Best answer: How small do elections get where you are? I won an election with 4,278 votes out of 7,725 cast. One vote can matter a lot. I know an awful lot of those people personally. And so far, as far as I know, I am not corrupt. A lot of the day-to-day work of democracy, at least in the US, is done by average people who run for crappy, unpaid political office to oversee and run all the various civic institutions that need overseeing and running.

I'm sympathetic when people say they don't want to vote in the Congressional election because everyone running is corrupt, money-hungry, party apparatchiks, etc. There's a certain amount of truth to that. But for local office? Damn it pisses me off when people don't vote for those. Not only does a single vote matter a LOT in local elections, but your day-to-day life is probably a lot more affected by a local city council voting to change a road to be one-way than by your Congresscritter (or in your case, MP) predictably voting with his party on issue X.
posted by Eyebrows McGee at 2:32 PM on September 30, 2010 [9 favorites]


I'd favorite Eyebrow's post 1000 times if I could. Most politicians at the crucial local level are not corrupt, and not apparatchiks, just sincere people who are trying to make things better and ran for the office out of idealism. And in small elections, one vote CAN matter.
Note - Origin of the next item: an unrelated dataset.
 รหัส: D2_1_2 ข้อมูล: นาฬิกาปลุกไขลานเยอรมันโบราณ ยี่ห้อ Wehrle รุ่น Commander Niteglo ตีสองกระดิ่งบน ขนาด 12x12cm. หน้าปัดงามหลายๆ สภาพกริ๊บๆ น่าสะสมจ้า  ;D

Second, as the saying goes, "if you don't vote, you can't bitch." Not everyone can be a full-time activist or even a part-time one - but voting is something every citizen can do. People who complain without taking action are the most tedious people in the world. (Of course, scratch this if your friend IS an activist type.)
posted by Rosie M. Banks at 2:50 PM on September 30, 2010


Social science suggests that people are more likely to vote if other people they know also vote. So an indirect approach may be to find friends in common that will also be voting, having them talk about voting around him, and letting him know that they will be voting.
posted by jasonhong at 3:06 PM on September 30, 2010


Not only does a single vote matter a LOT in local elections

Not really. The chances of any one person's vote being decisive are extremely tiny, even in an election with roughly a thousand voters.
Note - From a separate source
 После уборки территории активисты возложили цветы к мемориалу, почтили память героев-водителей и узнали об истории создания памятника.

Ask your friend to multiply the chance of his vote being decisive by the total benefit he feels his candidate of choice would create. Maybe that benefit will be large enough to make him reconsider his choices, but probably not.
posted by ripley_ at 3:07 PM on September 30, 2010 [1 favorite]


Not voting is a vote for the status quo
posted by bottlebrushtree at 4:43 PM on September 30, 2010


No fringe candidates? I generally vote for the most insane and/or least offensive of those, not because I want them to win but in order to send a message that I care enough to vote but that I hold the majors in utter contempt.

Of course, the majors probably interpret it as just my being nuts, but at least I earn the right to bitch and moan.

That said, there is a school of thought that holds that if you get a truly tiny minority bothering to vote, it might finally make someone outside the system think they have a real chance and therefore jump into action. Whether that would be good or bad is a bit of a crap shoot. But do admit, winning a major election with well under ten percent has to be deflating to even the heartiest of vainglorious politicos.
posted by IndigoJones at 5:51 PM on September 30, 2010


Best answer: The world over, thousands of people have died, starved, been tortured and jailed, or just faced plain old intimidation in the name of achieving universal franchise. I can't think of a country in the world where at least one of those has not occured.

In my opinion, to not turn up at the polling booth on election day is to disrespect those sacrifices. If your friend feels strongly that there is no-one worth voting for, he should submit a blank ballot paper. But he should still turn up and participate.